Gilead Sciences, Foster City, California 94404, United States.
Biochemistry. 2012 Jun 5;51(22):4416-28. doi: 10.1021/bi300052h. Epub 2012 May 18.
Human immunodeficiency virus-1 (HIV-1) capsid protein (CA) has become a target of antiviral drug design in recent years. The recognition that binding of small molecules to the CA protein can result in the perturbation of capsid assembly or disassembly has led to mathematical modeling of the process. Although a number of capsid assembly models have been developed using biophysical parameters of the CA protein obtained experimentally, there is currently no model of CA polymerization that can be practically used to analyze in vitro CA polymerization data to facilitate drug discovery. Herein, we describe an equilibrium model of CA polymerization for the kinetic analysis of in vitro assembly of CA into polymer tubes. This new mathematical model has been used to assess whether a triangular trimer of dimers rather than a hexagonal hexamer can be the basic capsomere building block of CA polymer. The model allowed us to quantify for the first time the affinity for each of the four crucial interfaces involved in the polymerization process and indicated that the trimerization of CA dimers is a relatively slow step in CA polymerization in vitro. For wild-type CA, these four interfaces include the interface between two monomers of a CA dimer (K(D) = 6.6 μM), the interface between any two dimers within a CA trimer of dimers (K(D) = 32 nM), and two types of interfaces between neighboring trimers of dimers, either within the same ring around the perimeter of the polymer tube (K(D) = 438 nM) or from two adjacent rings (K(D) = 147 nM). A comparative analysis of the interface dissociation constants between wild-type and two mutant CA proteins, cross-linked hexamer (A14C/E45C/W184A/M185A) and A14C/E45C, yielded results that are consistent with the trimer of dimers with a triangular geometry being the capsomere building block involved in CA polymer growth. This work provides additional insights into the mechanism of HIV-1 CA assembly and may prove useful in elucidating how small molecule CA binding agents may disturb this essential step in the HIV-1 life cycle.

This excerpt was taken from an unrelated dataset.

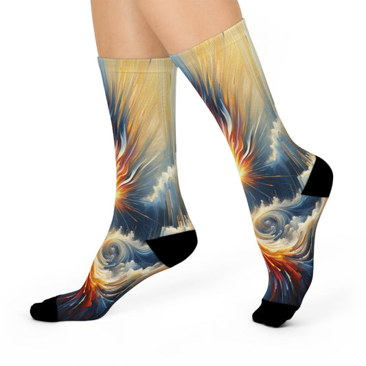 The image titled Ignite Spark Transformation is a vertical Tachism style painting that is mesmerizing and dynamic. It vividly captures the concept of Ignite Transformation with a Single Spark . At the core of this abstract artwork, a radiant spark explodes with unbridled energy, emanating an intense, bright light at the center. This spark appears to be the catalyst for a dramatic transformation that ripples throughout the composition. Flowing from this central burst are fiery streaks of orange, yellow, and red, symbolizing the heat and power of the spark s ignition. These warm colors merge with cooler tones of blues and whites that swirl around, suggesting a harmonious interplay between heat and coolness, chaos and calm. The painting is ablaze with motion, as dynamic strokes and curved forms mimic the movement of flames and waves, perhaps conveying the idea that change is both fluid and consuming. The surrounding environment is marked by vertical streaks of color, possibly alluding to rain, structures, or even the passage of time. These lines create a contrast with the central tumultuous event, reinforcing the theme of transformation—where rigid lines meet the organic, flowing change. The powerful imagery within this painting stirs the imagination, offering a potent visual metaphor for sudden, impactful change that originates from a single, catalytic event.

人类免疫缺陷病毒 1(HIV-1)衣壳蛋白(CA)近年来已成为抗病毒药物设计的靶标。人们认识到,小分子与 CA 蛋白的结合可导致衣壳组装或解体的扰动,这导致了该过程的数学建模。尽管已经使用从 CA 蛋白获得的实验生物物理参数开发了许多衣壳组装模型,但目前尚无可实际用于分析体外 CA 聚合数据以促进药物发现的 CA 聚合模型。在此,我们描述了一种 CA 聚合的平衡模型,用于分析 CA 体外组装成聚合物管的动力学。该新数学模型已用于评估三角形三聚体二聚体而不是六边形六聚体是否可以作为 CA 聚合物的基本衣壳结构基元。该模型首次使我们能够量化参与聚合过程的四个关键界面中的每一个界面的亲和力,并表明 CA 二聚体的三聚化是 CA 体外聚合的相对缓慢步骤。对于野生型 CA,这四个界面包括 CA 二聚体中两个单体之间的界面(K(D) = 6.6 μM),CA 三聚体中二聚体之间的任何两个界面(K(D) = 32 nM),以及两种类型的二聚体相邻三聚体之间的界面,要么在聚合物管周界周围的同一环内(K(D) = 438 nM),要么在两个相邻环内(K(D) = 147 nM)。野生型和两种突变体 CA 蛋白(交联六聚体(A14C/E45C/W184A/M185A)和 A14C/E45C)之间界面离解常数的比较分析产生的结果与具有三角形几何形状的三聚体二聚体作为涉及 CA 聚合物生长的衣壳结构基元一致。这项工作提供了对 HIV-1 CA 组装机制的更多了解,并可能有助于阐明小分子 CA 结合剂如何干扰 HIV-1 生命周期中的这一关键步骤。